#### [AVAILABLE DATA]
=== Section Start ===

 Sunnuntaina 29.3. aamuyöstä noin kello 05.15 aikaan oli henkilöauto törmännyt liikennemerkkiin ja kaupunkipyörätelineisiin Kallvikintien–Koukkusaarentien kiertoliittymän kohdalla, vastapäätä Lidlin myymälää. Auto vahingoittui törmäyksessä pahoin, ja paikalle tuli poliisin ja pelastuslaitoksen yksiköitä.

=== Section End ===
=== Section Start ===

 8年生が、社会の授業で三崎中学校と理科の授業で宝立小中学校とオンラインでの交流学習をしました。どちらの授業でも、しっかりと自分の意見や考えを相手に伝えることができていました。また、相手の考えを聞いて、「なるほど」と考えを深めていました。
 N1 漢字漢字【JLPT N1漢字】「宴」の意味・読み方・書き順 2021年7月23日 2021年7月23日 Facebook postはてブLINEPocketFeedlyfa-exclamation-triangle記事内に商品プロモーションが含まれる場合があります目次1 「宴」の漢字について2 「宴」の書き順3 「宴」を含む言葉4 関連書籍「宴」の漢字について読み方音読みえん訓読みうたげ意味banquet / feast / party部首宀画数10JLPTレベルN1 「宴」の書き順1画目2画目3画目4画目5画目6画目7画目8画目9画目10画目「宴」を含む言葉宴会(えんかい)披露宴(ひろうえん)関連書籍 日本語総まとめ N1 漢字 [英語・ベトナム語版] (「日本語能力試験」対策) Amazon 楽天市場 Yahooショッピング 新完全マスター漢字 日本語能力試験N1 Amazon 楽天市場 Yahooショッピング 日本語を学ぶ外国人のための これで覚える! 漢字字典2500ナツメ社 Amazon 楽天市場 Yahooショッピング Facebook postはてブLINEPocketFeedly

=== Section End ===
=== Section Start ===

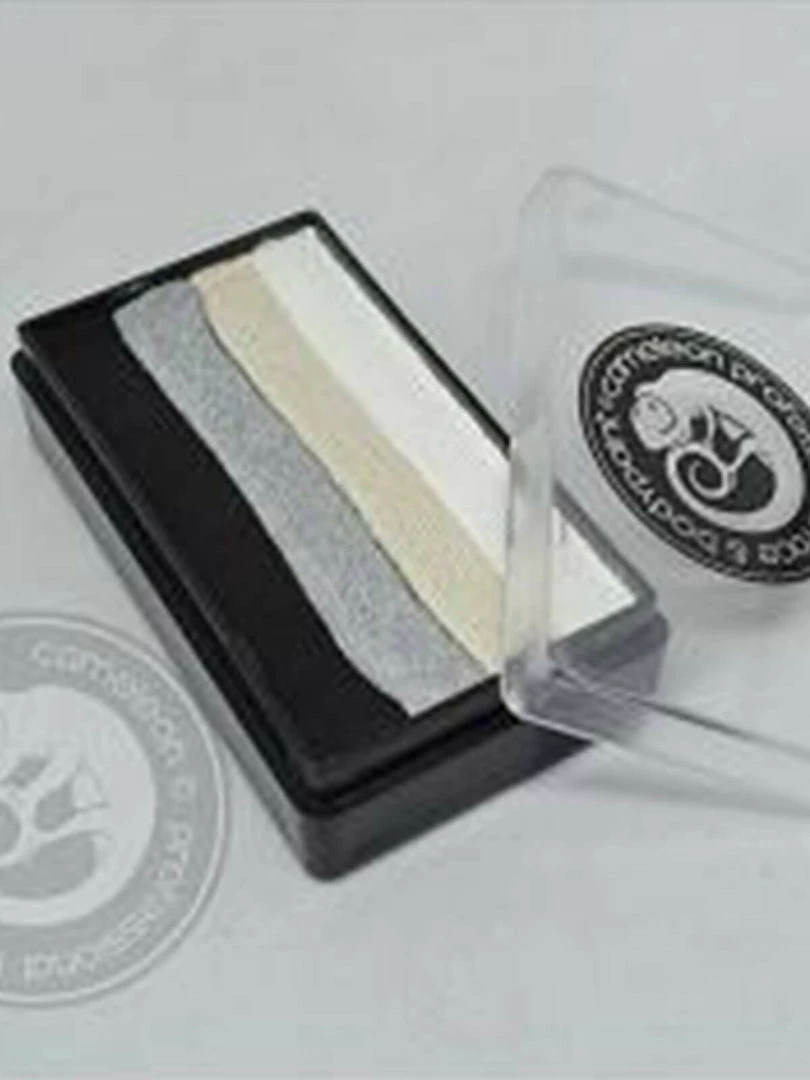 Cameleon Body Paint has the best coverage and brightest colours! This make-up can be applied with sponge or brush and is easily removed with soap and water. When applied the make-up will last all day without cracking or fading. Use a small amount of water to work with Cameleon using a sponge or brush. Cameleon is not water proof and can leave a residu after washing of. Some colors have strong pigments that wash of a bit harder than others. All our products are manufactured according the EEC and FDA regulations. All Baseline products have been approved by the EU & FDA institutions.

=== Section End ===

#### [WHAT IS BEING ASKED]
Looking at the entries above, can you reproduce exactly the lines from the one that holds "8年生が、社会の授業で三崎中" through the one that holds "N1 漢字漢字【JLPT N1漢字】「宴」の意味・読み方・書き順", and only those?

#### [TASK RESULT]
 8年生が、社会の授業で三崎中学校と理科の授業で宝立小中学校とオンラインでの交流学習をしました。どちらの授業でも、しっかりと自分の意見や考えを相手に伝えることができていました。また、相手の考えを聞いて、「なるほど」と考えを深めていました。
 N1 漢字漢字【JLPT N1漢字】「宴」の意味・読み方・書き順 2021年7月23日 2021年7月23日 Facebook postはてブLINEPocketFeedlyfa-exclamation-triangle記事内に商品プロモーションが含まれる場合があります目次1 「宴」の漢字について2 「宴」の書き順3 「宴」を含む言葉4 関連書籍「宴」の漢字について読み方音読みえん訓読みうたげ意味banquet / feast / party部首宀画数10JLPTレベルN1 「宴」の書き順1画目2画目3画目4画目5画目6画目7画目8画目9画目10画目「宴」を含む言葉宴会(えんかい)披露宴(ひろうえん)関連書籍 日本語総まとめ N1 漢字 [英語・ベトナム語版] (「日本語能力試験」対策) Amazon 楽天市場 Yahooショッピング 新完全マスター漢字 日本語能力試験N1 Amazon 楽天市場 Yahooショッピング 日本語を学ぶ外国人のための これで覚える! 漢字字典2500ナツメ社 Amazon 楽天市場 Yahooショッピング Facebook postはてブLINEPocketFeedly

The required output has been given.